Shipwrecked With My Twin Brother, We Broke the Only Rule That Mattered

Cover image for Shipwrecked With My Twin Brother, We Broke the Only Rule That Mattered

Stranded on a deserted island after a crash, Elara must nurse her twin brother Liam back to health, their relationship shifting from siblings to something more. Alone with no hope of rescue, they give in to a desperate, forbidden desire that will either bind them together forever or destroy them completely.

incestplane crashmedical traumagraphic sextentacles
Chapter 1

The Salt-Stung Shore

The sand in her mouth was coarse, granular, a thousand tiny shards of glass grinding against her teeth. Salt. The taste was overwhelming, flooding her senses, and for a moment she was ten years old again, on the ferry to France, their knees touching as they shared a bag of cheese and onion crisps. Liam had laughed at something, a proper belly laugh, and she’d felt the warmth of his leg against hers, the salt from the crisps coating her fingers. She could almost hear the gulls, the thrum of the engine.

Then the pain hit. A dull throb behind her eyes, a sharp sting on her cheek. She pushed herself up, the world tilting, a dizzying kaleidoscope of blue and green. The sky was too bright, the sun a white-hot coin pressed against her retinas.
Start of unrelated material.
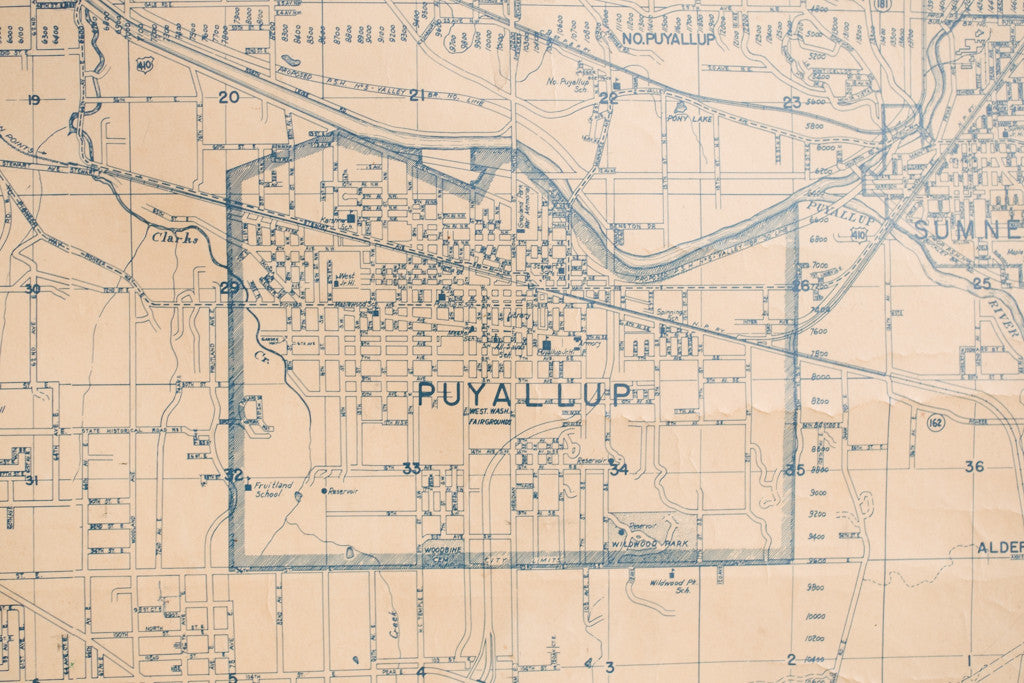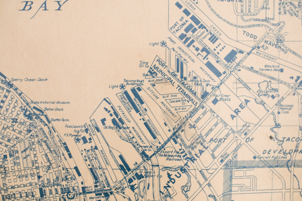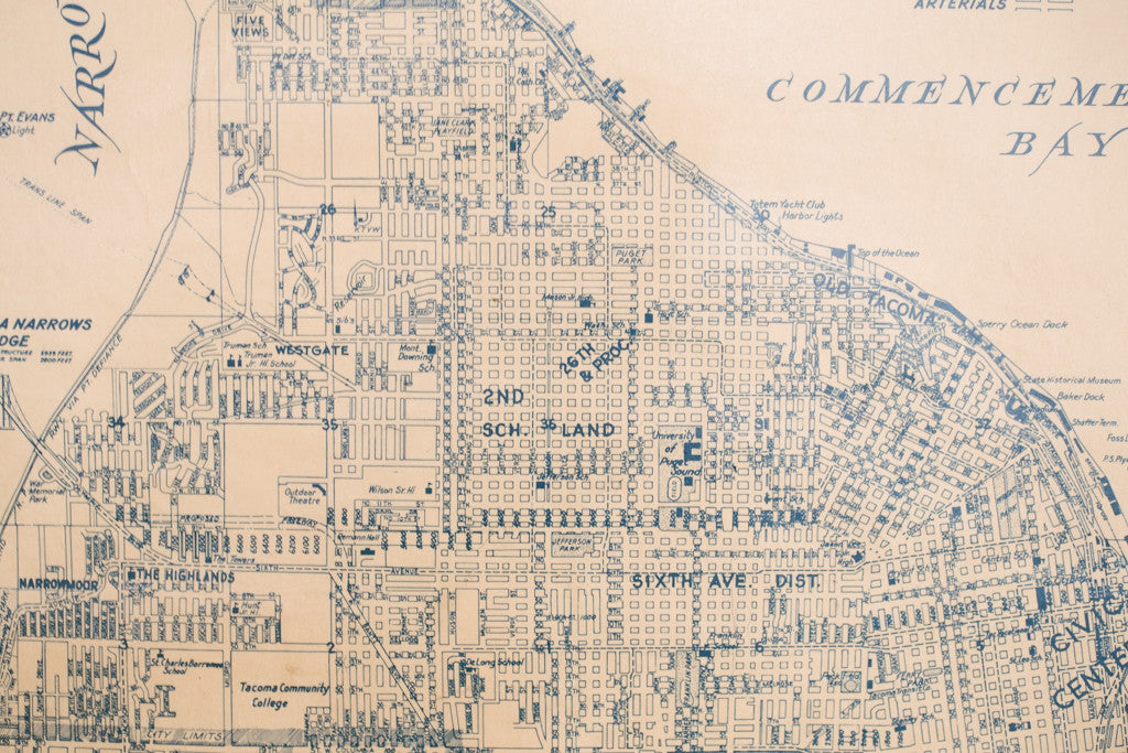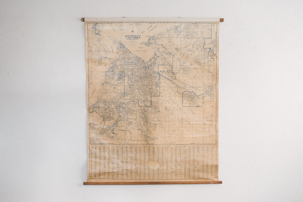 style: Mid Century, schoolhouse, educational, industrial material: coated paper, metal text: Metsker's Refrence Map of Tacoma Washington age: vintage condition: age related wear - see pictures

Her limbs felt heavy, disconnected. She coughed, spitting out a mouthful of gritty saliva, and the memory of the ferry dissolved, replaced by the harsh reality of the present.

The beach stretched out before her, pristine white sand meeting the turquoise of a lagoon. Palm trees swayed gently in a breeze she couldn’t feel, their fronds whispering secrets to the sky. It was beautiful, impossibly so, like a postcard. But the beauty was a lie, a cruel joke. Because there, further down the beach, was Liam.

He was lying on his side, one arm flung out, the other tucked beneath him. His shirt was torn, revealing a patch of sun-reddened skin. But it was his head that made her stomach lurch. A dark, ugly gash ran across his forehead, a line of crimson against his pale skin, already attracting a swarm of tiny, black flies. He was so still.

“Liam?” Her voice was a croak, barely audible even to herself. She crawled towards him, her movements stiff and uncoordinated, the sand scraping against her bare knees. The tide was coming in, the waves lapping closer and closer to his outstretched hand. A wave of pure, unadulterated panic surged through her, cutting through the fog of her own pain.

She reached him, her hands trembling as she grabbed his shoulders. He was heavier than she remembered, a dead weight. “Liam, wake up!” She shook him, but his head just lolled to the side, the gash oozing. The water was at his feet now, a cold, insistent tug.

Her immediate goal was survival, yes. But more pressingly, his survival. She hooked her arms under his, her fingers digging into his armpits, and began to drag him. The sand offered no purchase, each inch a battle. Her breath came in ragged gasps, her muscles screaming in protest. She pulled, her back straining, her legs burning, the grit of the sand grinding into her palms. She dragged him away from the insidious reach of the tide, her movements frantic and clumsy, a desperate, primal urge to get him to safety, to get him away from the water that was trying to claim him.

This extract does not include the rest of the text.